Graduation probabilities are also increased by 3% (for students not receiving a free lunch) to 18% (for students receiving a free lunch), after 4 years of small class size (according to the Finn paper). So far, the only effect that seems significant is the graduation probability for students receiving a free lunch (assuming this particular effect is real, rather than just data mining).
(Note: several of your other studies don't even try to address the claim that lower class sizes improve student achievement. Your paper by Woolf and Muennig is just an advocacy piece, assuming that education is the cause of all good things and arguing that we need more of it. )
You cited a study of college-age students and a study from France when there is a wealth of domestic data ready for your to cite and you expect the claims to be taken seriously? As far as your claim that these were the first two on-point google results, I guess it just depends on what you search for:
I beleive that you are misreading the Konstantantopoulos and Chun if you think that it agrees with you. An achievement gain of that size in education is actually quite significant and both the abstract and text make this clear. To dismiss the fact that the study followed a third grade class for five years and showed improvement down the line by saying that "they don't even bother to look past grade 8" is more spin than reasoned analysis.
Once again, please provide the links to papers that show that smaller class sizes do not have a long-term positive impact on student performance. So far it seems you are much like the anti-CSR group I mentioned previously, all spin and bullshit. Prove me wrong.
Why the hostility? You picked a different search term than I did, big whoop (I picked "class size student outcome"). I guess that makes me a bullshit artist.
Now, you may be right that a 0.04-0.12 standard deviation improvement is large within the field of educational interventions. All that proves is that the entire field of educational interventions has produced little/no gains.
You and the authors can attempt to spin that as something significant, but it doesn't contradict Patrick's original assertion. He claimed that smaller classes "do little, if anything, for education." You cited a source showing that they do little. You didn't contradict him.
Here is my citation, which shows that smaller classes "do little, if anything, for education": Spyros Konstantopoulos and Vicki Chun, What Are the Long-Term Effects of Small Classes on the Achievement Gap? Evidence from the Lasting Benefits Study, American Journal of Education 116, November 2009.
"The most often cited research o this matter was conducted by Gene Glass and Mary Lee Smith. [...] Several features of the resulting curve stand out. First, for class sizes in the range of twenty to forty students, the effects are minimal. Second, significant improvement in student achievement does not occur until class sizes are in the range of fifteen students or below.[1]
[...]
The immense costs make classes smaller than 15 utterly out of the question.
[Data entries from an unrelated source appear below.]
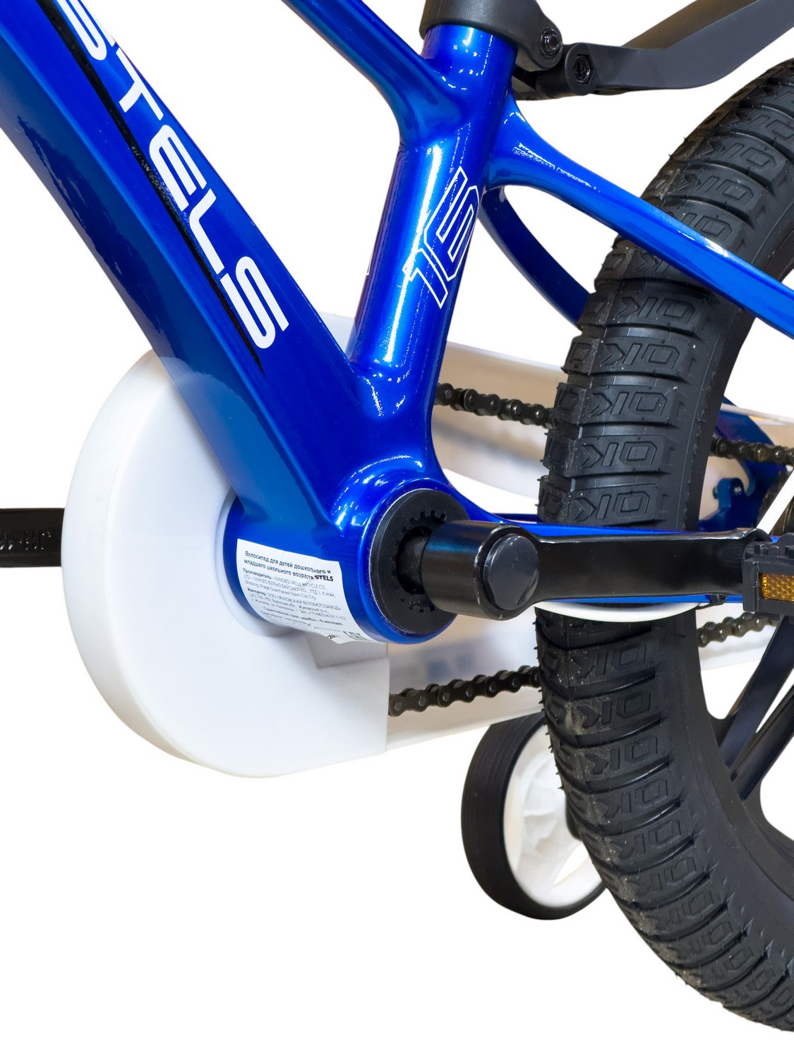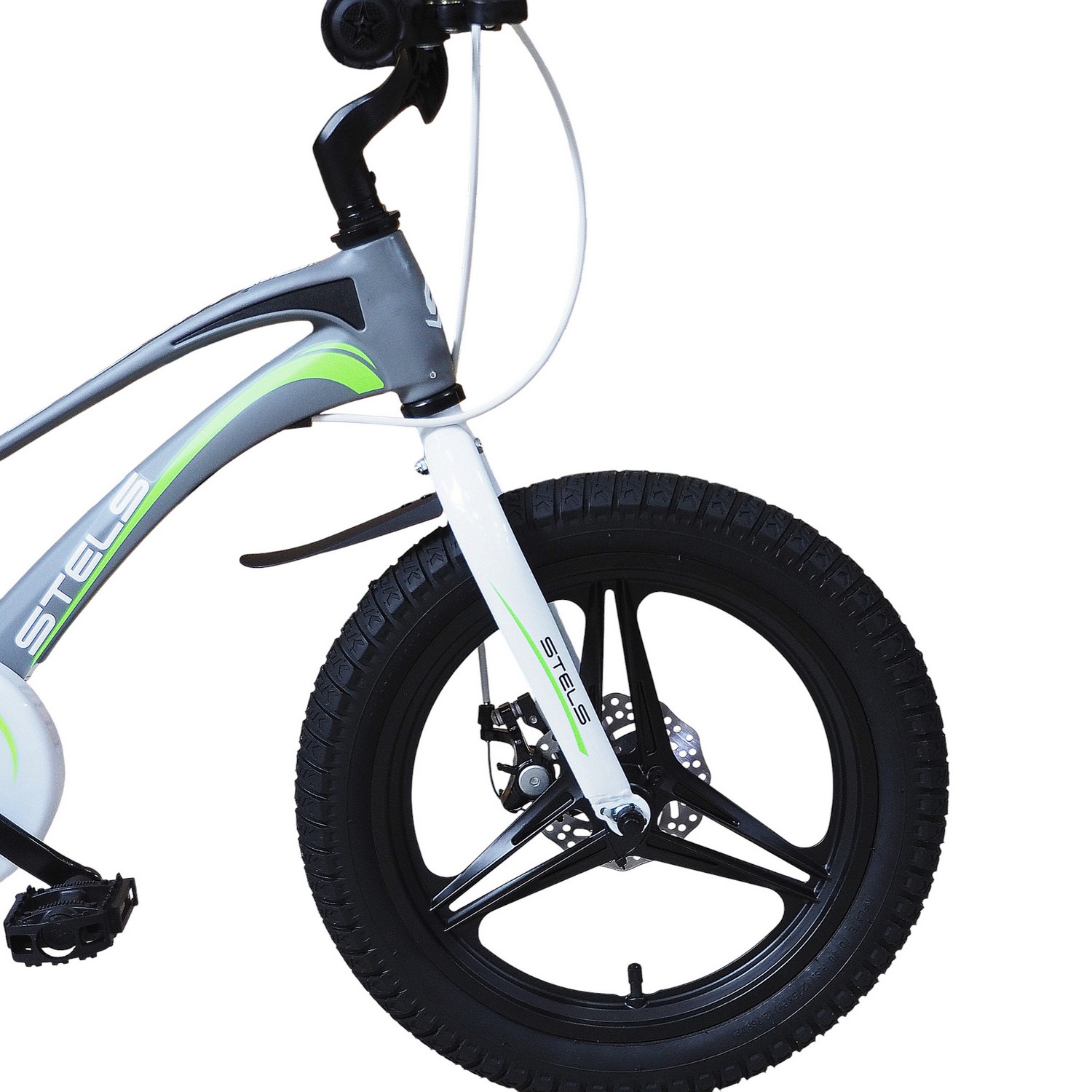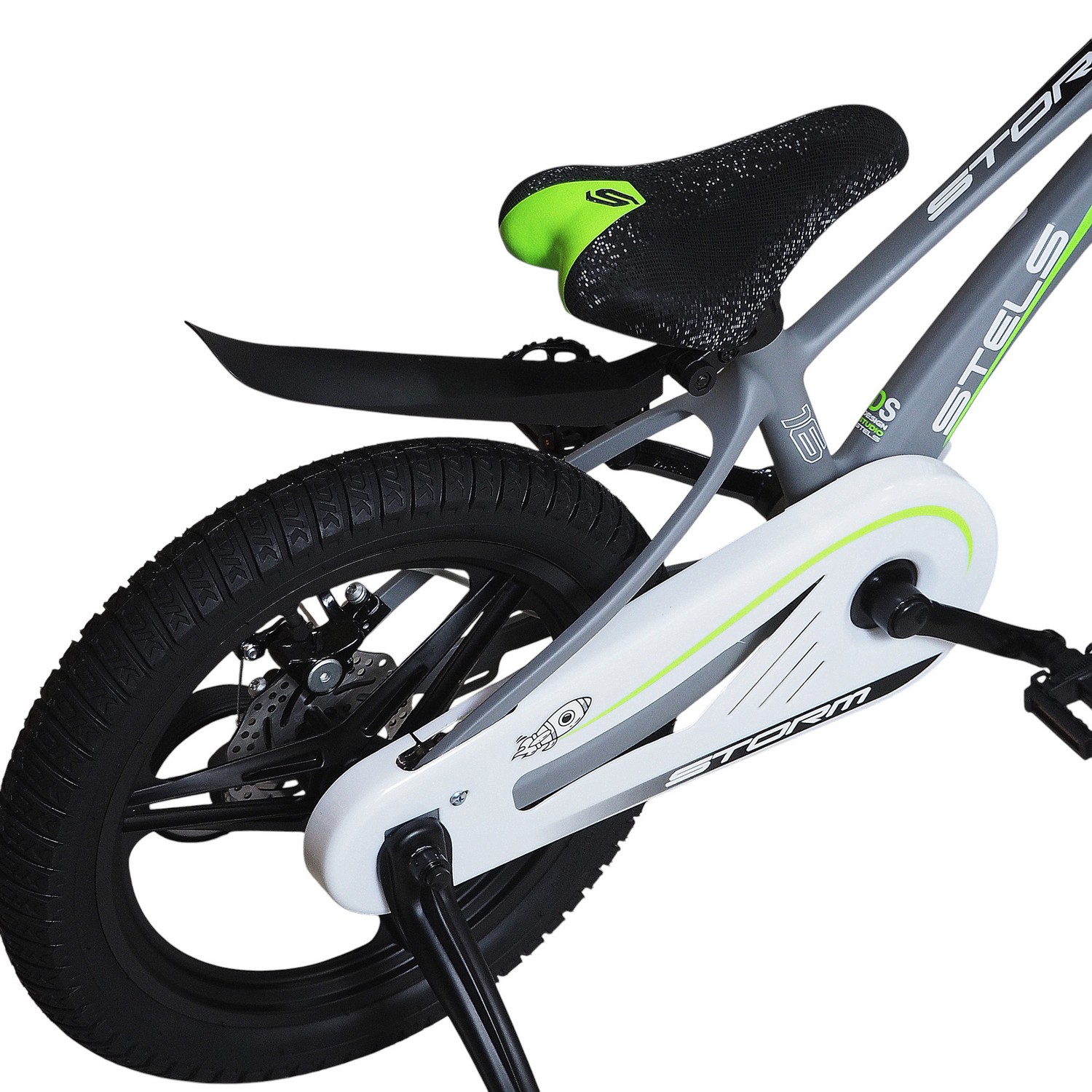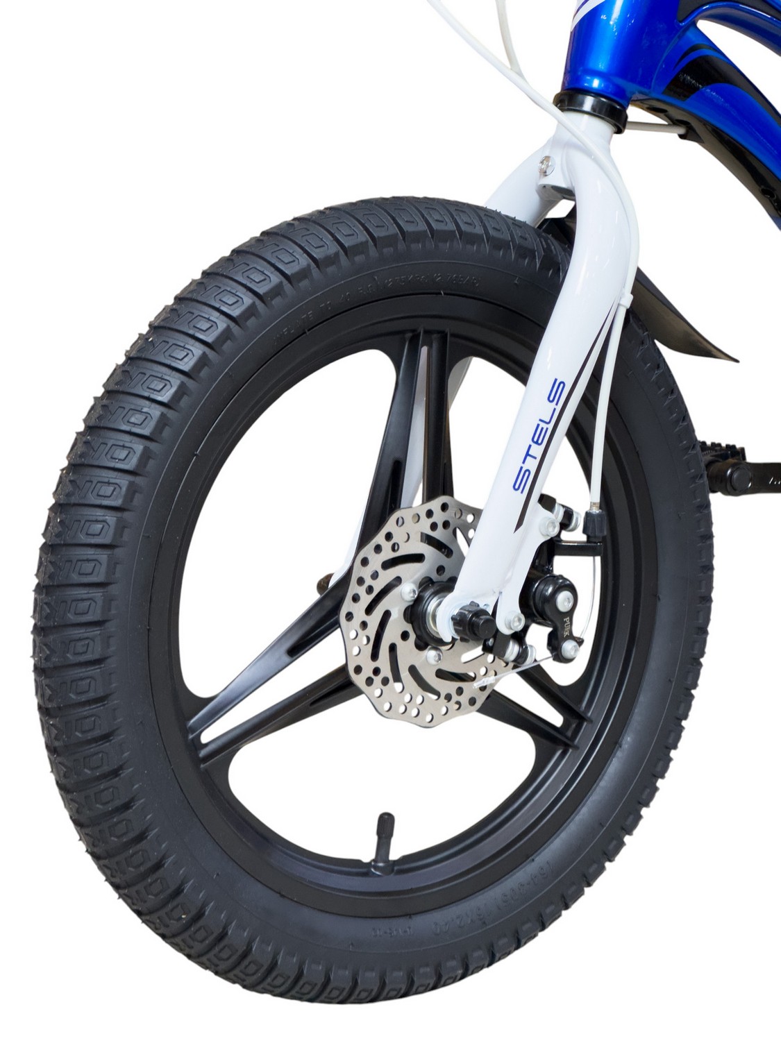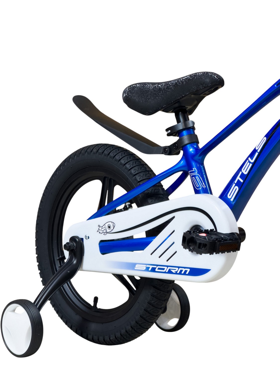 Велосипед, предназначенный для детей в возрасте от трех до шести лет, без переключения передач. Технические особенности: легкая рама из магниевого сплава (скрытая проводка, прямой рулевой стакан, кареточный стакан BSA, крепление калипера IS), жесткая стальная вилка (крепление калипера IS), литые магниевые колеса (под ниппель AV), дисковые механические тормоза (роторы 120/120 мм), полная защита цепи, съемные боковые колеса, крылья, звонок. Подходит для обучения и прогулочного катания в городских условиях. Диаметр колес - 16 дюймов. Вес - 8,9 кг.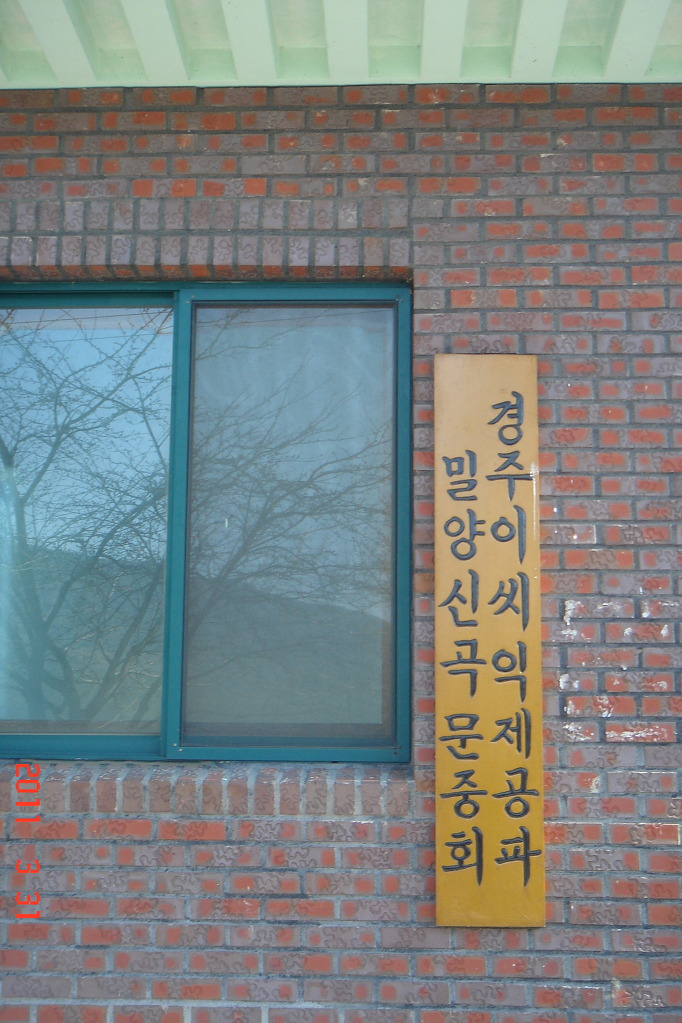 세로로 된 간판(위 사진)에 판각된 글자(경주이씨 익제공파 밀양신곡문중회)"을 보고 적은 것입니다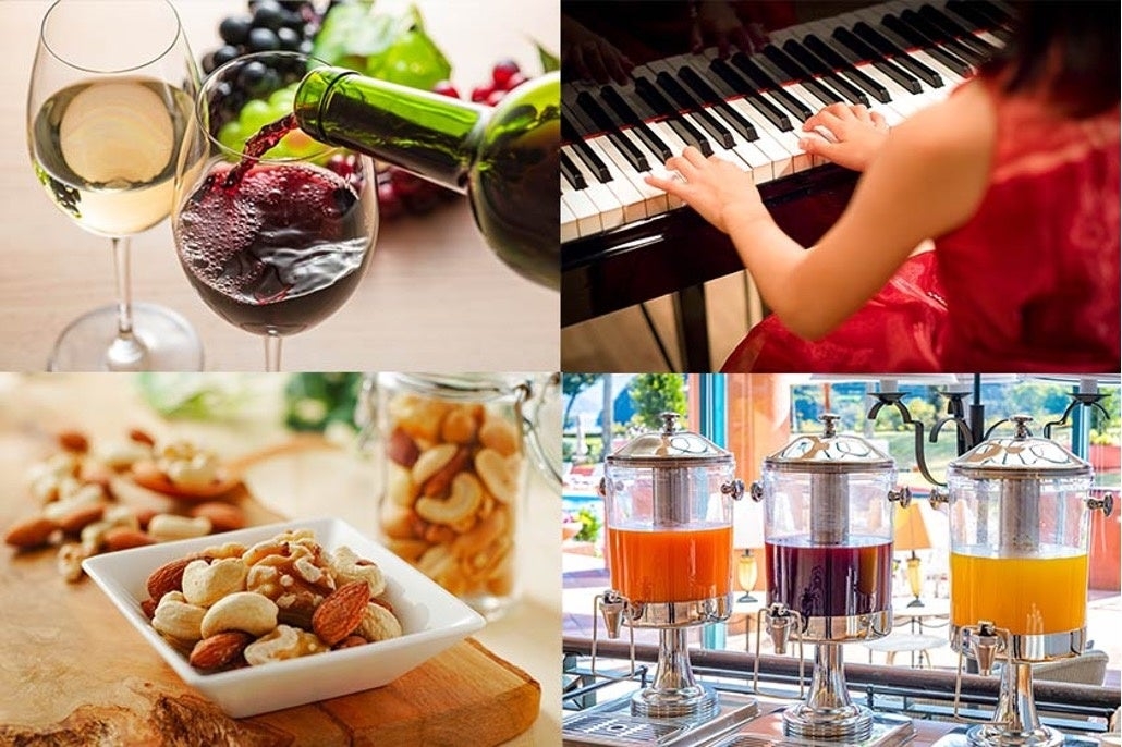 到着時からご自由にお楽しみいただける生ビールや赤白ワイン、ソフトドリンクでまずは旅の疲れを癒すお客様。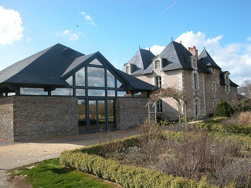 Les Dugrat et les Fouquet avaient jadis entouré la propriété de douves et de murs ; lors du redécoupage paysager la douve sud subsistait encore. En 1991, le paysagiste Jacques Courilleau a conçu un jardin rectangulaire divisé en quatre compartiments comprenant une roseraie en parterres bordés de buis autour d'un bassin, une charmille formant un labyrinthe et deux carrés de pelouses séparés par des allées bordées d'arbres fruitiers, d'arbres de haute tige, d'arbustes et de vivaces ; pour des raisons de sécurité, l'ancienne douve a été comblée et engazonnée. En 1999, un nouveau bâtiment destiné à la médiathèque, conçu par François Jeanneau, a été édifié sans emprise sur le logis ancien : construit en murs de schiste avec une charpente bois et couverture en ardoises, il adopte le principe d'une halle et relie le logis par une coursive vitrée sur deux niveaux.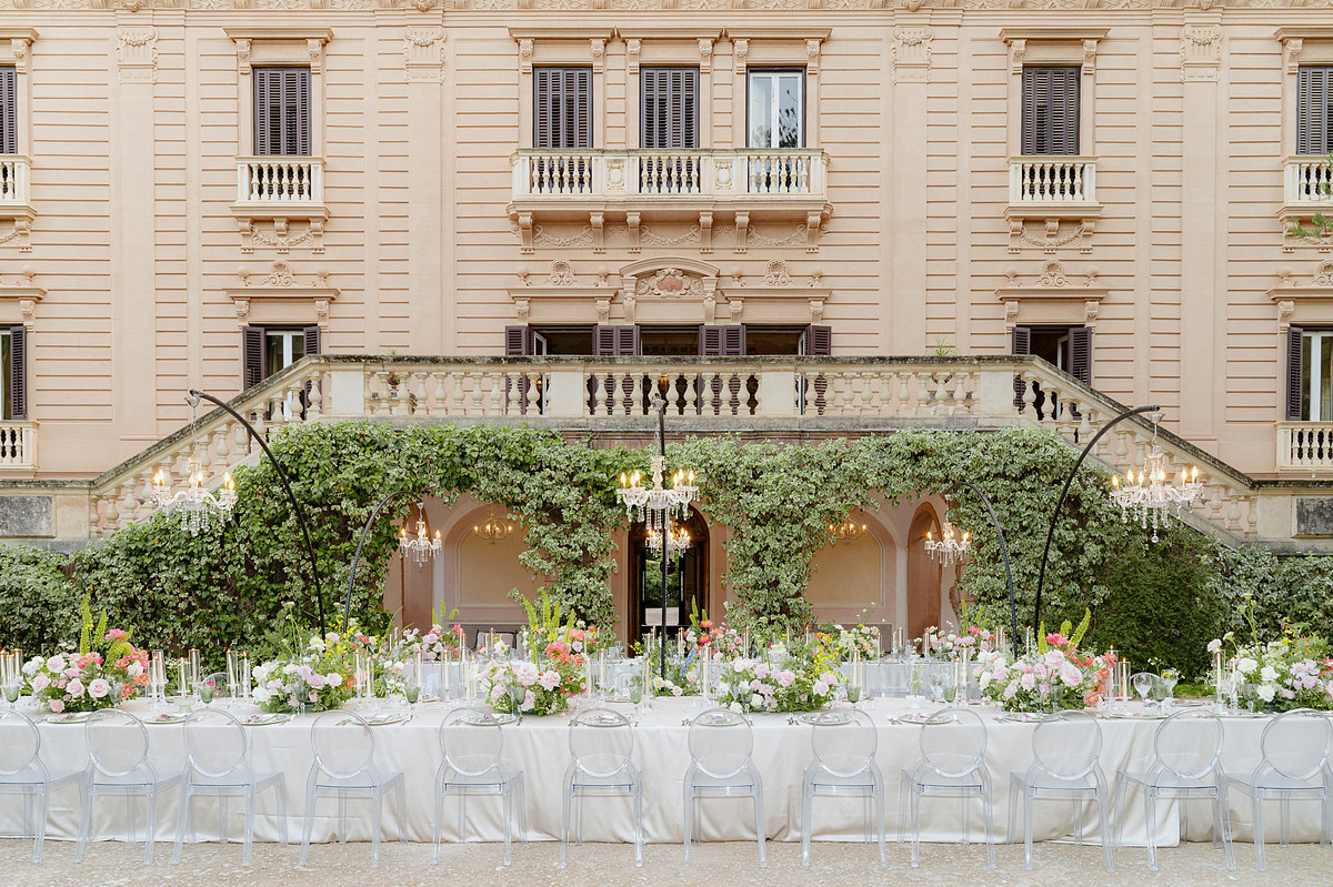 Villa Tasca is a truly charming historic venue built in the 19th century, chosen by the couple for its blend of classic elegance and beautiful outdoor spaces. Inside, the grand rooms showcase period details, while the gardens outside, featuring a mix of Italian and English landscaping styles, that created a heartwarming atmosphere for their incredible wedding day.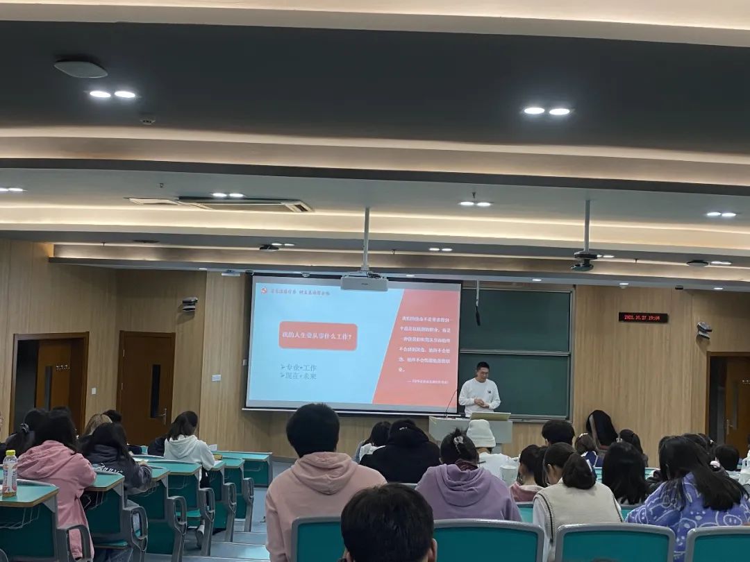 最后,程立辉老师提到钱伟长弃文从理,决心科学救国,且学成后断然放弃美国高薪研究岗位回国任教,开启了60余年的教育事业生涯的故事,同时引用钱老董事长的话“我没有专业,国家需要就是我的专业”告诫同学们要坚定理想信念,树立正确择业观。马克思也提到:“实践是联系主客观的桥梁,人们只有在改造客观世界的实践活动中才能检验认识的正确与否”,老师也告诫我们需要想清楚我的人生要从事什么工作,然后通过互联网、书籍、校外实习等来坚定我们的职业选择。
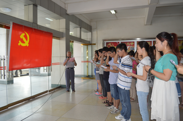 2013年7月1日下午,基础医学院党员入党宣誓暨表彰大会在基础楼中厅举行。学校组织部副处级组织员陈志杰、学校原组织部部长韦国魁、基础医学院党委副书记龙春莉及师生党员代表80余人出席会议。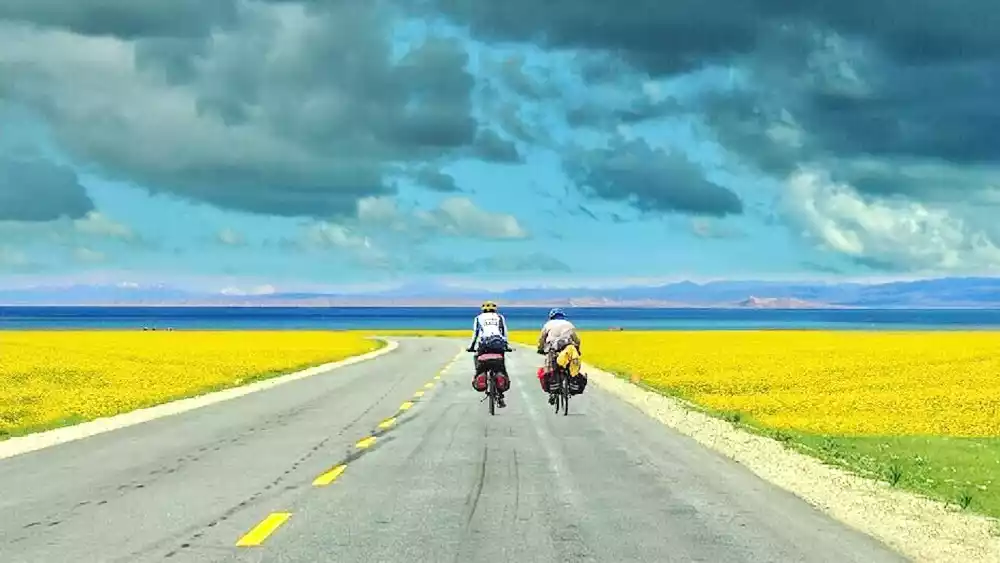The azure sky, white clouds, rolling snow-capped mountains, the blue lake, the golden sea of rapeseed flowers, the fluttering Tibetan prayer flags, the road stretching to the horizon... Qinghai Lake in summer is a stunning painting that makes everyone who arrives here unforgettable.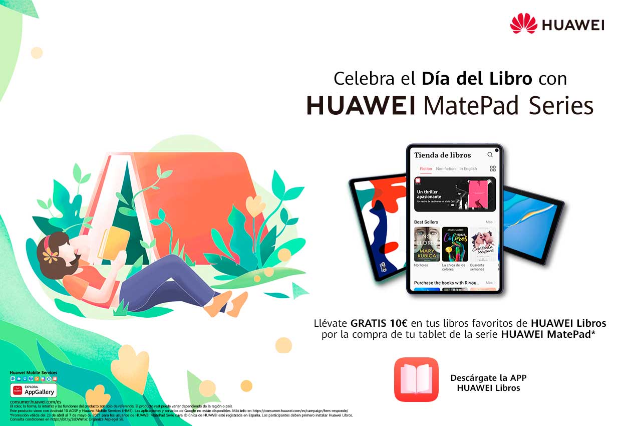 De tal manera, como conmemoración del Día del Libro, este año, Huawei CBG España lleva a cabo dos campañas con el objetivo de incentivar la lectura a sus consumidores: Para empezar, entre el 23 de abril y el 7 de mayo todos los usuarios que adquieran algún dispositivo de la serie HUAWEI MatePad durante este periodo recibirán un cupón de 10€ para gastar en exclusiva en HUAWEI Libros, la aplicación oficial de libros digitales y audiolibros de la compañía.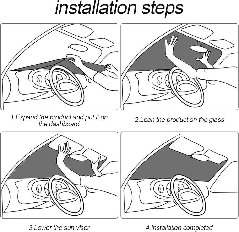 • [سهلة الطي والتخزين] مظلة الشمس الواقية من الرياح لدينا قابلة للطي، وتأخذ مكانًا صغيرًا للتخزين، وتعليمات الطي مرفقة في الصورة. كما يمكن تركيبها وإزالتها بسهولة في ثوانٍ، عندما تكون سيارتك واقفة وفتحها فقط، ضعها تحت درع الرافعة الخاص بك، ثم اسحب الأقنعة للأسفل لمنع مظلة الشمس من السقوط، وقد تم ذلك.

In 1986, for example, a reduction of the national average for regularly convened classes from 24 to 23 pupils would have required almost 73,000 more teachers and 5 billion additional dollars, not counting the expenses of building more classrooms. Reducing the average class to 20 students would require over 335,000 more teachers at an added $22.8 billion. At 15 students, 1 million extra classroom teachers would be needed and added costs close to $69 billion."
[1] Riordan notes that there were some problems with this study, but that despite these problems later research has validated the original curve.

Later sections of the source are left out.